- Born: 1743
- Died: April 1768 (aged 24–25) Dublin, Ireland
- Parent: Spranger Barry

= Thomas Barry (actor) =

Irish stage actor and theatre manager

Thomas Barry (1743 – April 1768) was an Irish stage actor and theatre manager.

He was the son of the actor Spranger Barry and his first wife Anne. In 1761, he made his debut at the Theatre Royal, Cork, which had been established by his father. He continued to act there for the next five years, also appearing in Dublin at the Crow Street Theatre. When his father departed for London in 1766, he left Thomas to manage the Cork Theatre, something that proved controversial with the local newspapers. Angered by an attack on his acting skills, Barry sued one of the publishers involved for libel but the case was dismissed. He was in turn briefly imprisoned for his conduct towards the publisher before the case was dropped.

Having made many enemies in his native Cork, the following year Thomas Barry left for London and in the summer of 1767 he joined his father and stepmother Ann Dancer at the Haymarket Theatre where he appeared in Venice Preserved, Jane Shore, Theodosius, King Lear and The Countess of Salisbury. Again questions were raised about his acting style, which was compared unfavourably with his fathers.

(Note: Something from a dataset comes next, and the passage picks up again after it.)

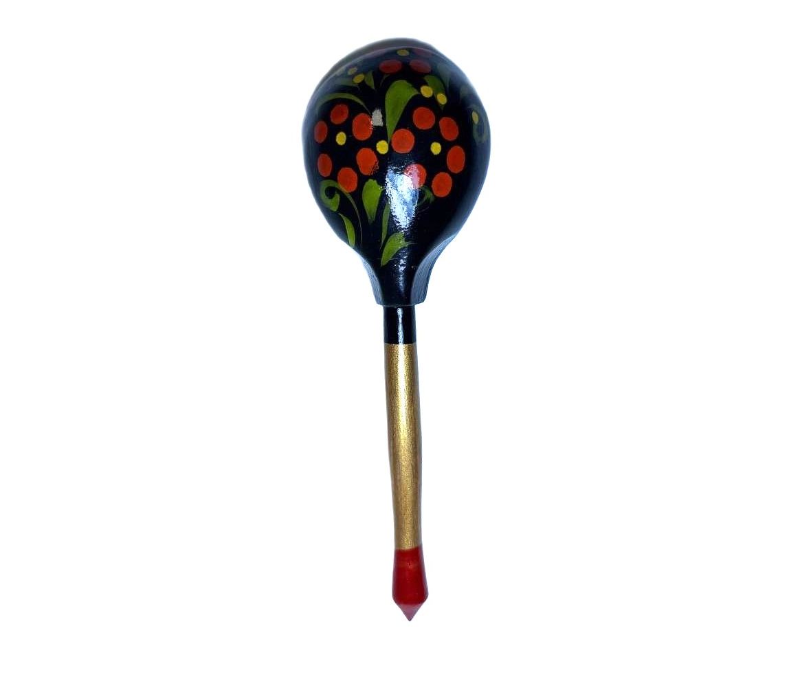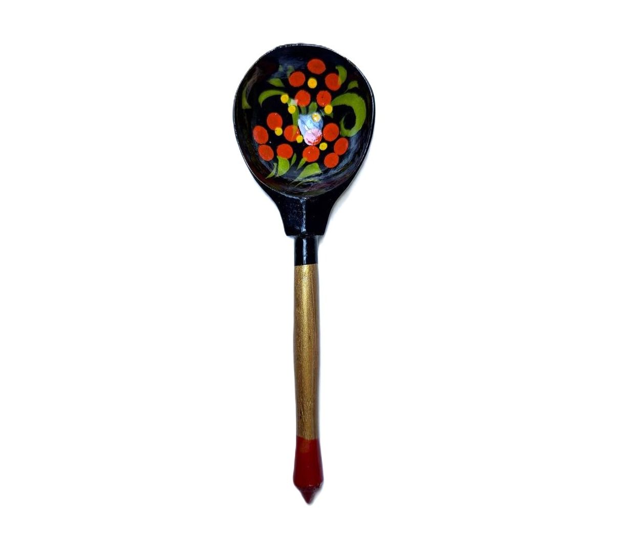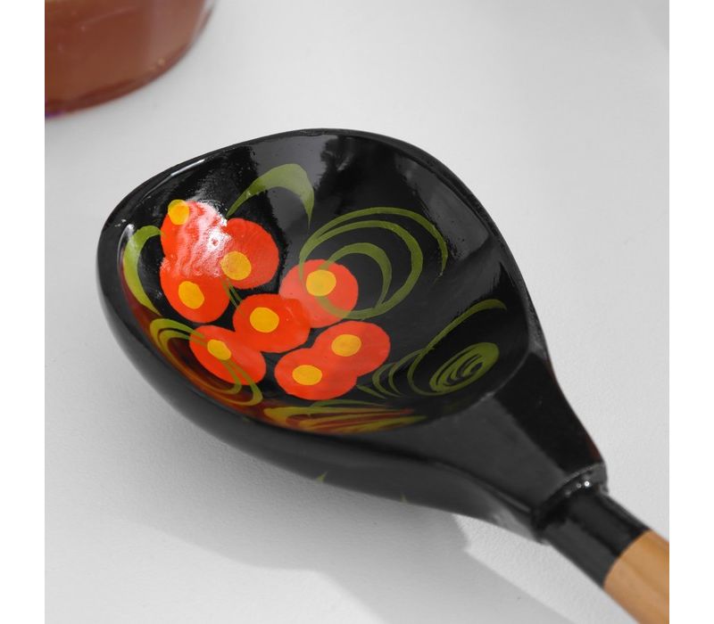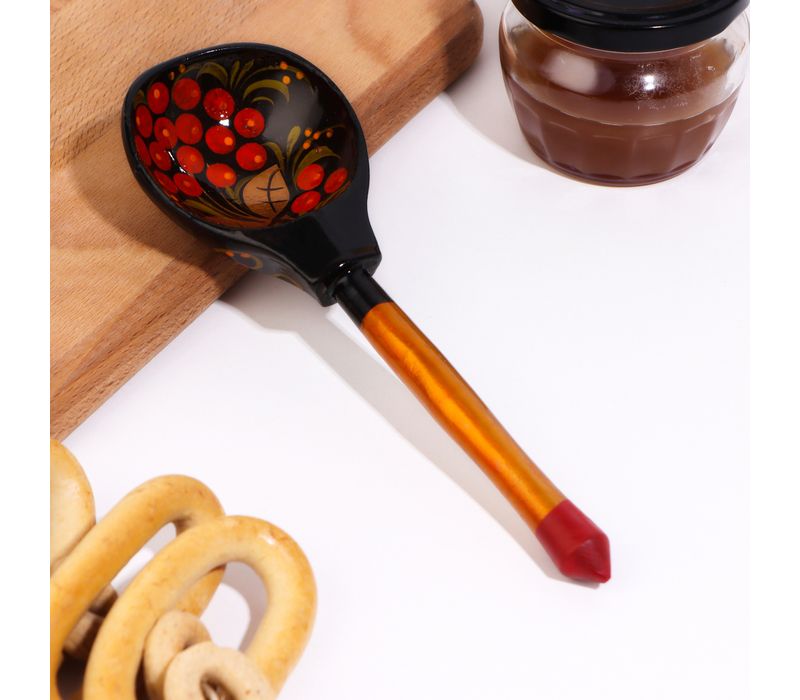 Ложка украшена классическими хохломскими узорами в насыщенных чёрных, красных и золотистых оттенках. Такой контрастный и выразительный дизайн делает её не только удобным инструментом для кухни, но и стильным элементом сервировки или декора. Благодаря длине около 18 см и удобной фигурной ручке ложка комфортно лежит в руке и подходит для повседневного использования.

He then travelled to Dublin, but grew increasingly ill and died in the city in April 1768. After his death, his wife appeared on the stage.

==Bibliography==
- Clark, William Smith. The Irish Stage in the County Towns, 1720-1800. Clarendon Press, 1965.
- Highfill, Philip H, Burnim, Kalman A. & Langhans, Edward A. A Biographical Dictionary of Actors, Actresses, Musicians, Dancers, Managers, and Other Stage Personnel in London, 1660-1800: Volume I. SIU Press, 1978.